Zacchaeus—Epitome of Luke’s Story

The journey to Jerusalem in Luke’s Gospel begins in 9:51 and it ends in 19:11. The last story Luke tells on that journey is the Zacchaeus episode (Luke 19:10). Its placement at the end of the journey gives Luke the occasion to summarize the ministry of Jesus in the person of Zacchaeus.

• Jesus takes the initiative to include outsiders like the tax collector Zacchaeus.
• Jesus declares his mission to seek and save the lost.
• Jesus sits at table with Zacchaeus the “sinner.”
• Zacchaeus gives half of his possessions to the poor.
• The mission of salvation is social as well as individual.
• Repentance means a lifestyle change (discipleship).

All of these themes have connections with Jesus’ ministry beginning in Luke 4. The themes of poverty (poor), discipleship, mission, social transformation, inclusion of the outsiders are integral to Luke’s portrayal of the ministry of Jesus. It stands in continuity with some stories (like the calling of Levi in Luke 5) but in contrast with other stories (like the “Rich Young Ruler” in Luke 18).

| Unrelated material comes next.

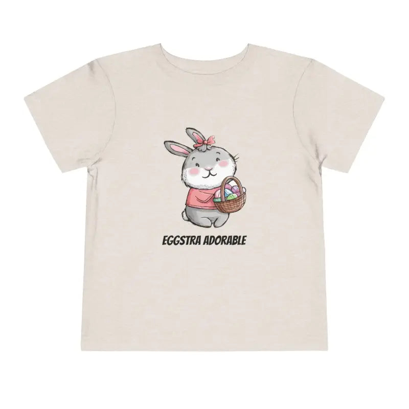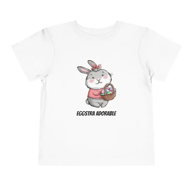 The charming design features an irresistibly cute Bunny Rabbit paired with the fun "Eggstra Adorable" slogan. Curated specially to celebrate the joyous energy of your little ones, the playful design makes this tee a standout piece in their closet.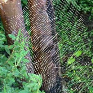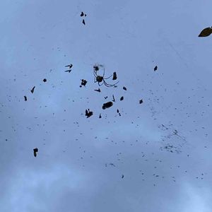 緑道をまたいで上空にクモの巣がありました🕸 いろんなものが空に巻き上げられているみたいです🌪

Meditating on the Zaccaheus story in the context of Luke helps us sense the undertow, meaning and significance of the ministry of Jesus…and, consequently, the mission of the church in the contemporary world.

3 Responses to “Zacchaeus—Epitome of Luke’s Story”

  1.   Stoned-Campbell Disciple Says:

    Good to see you on the blogging trail again.

    Bobby Valentine

  2.   elman Says:

    Question! Do we really nead a preacher today or a reader prophesied in Rev 1:3. Who will read to Christians all, whatsoever Jesus has commanded to observe by Christians.

    Go, therefore, and make disciples of all nations, baptizing them in the name of the Father, and of the Son, and of the holy Spirit,
    teaching them to observe all that I have commanded you. And behold, I am with you always, until the end of the age, Matt 28:19-20

    Whoever chooses to do his will shall know whether my teaching is from God or whether I speak on my own, John 7:17.

    Now if a preacher doesn’t know whether a woman needs to cover her head, does he has the right to be a preacher or a leader of a christian community, or even give a sermon?

  3.   Keith Says:

    So true. We often, in the church today, forget or shun those that Christ readily accepted, and in some instances, made fathers of the church.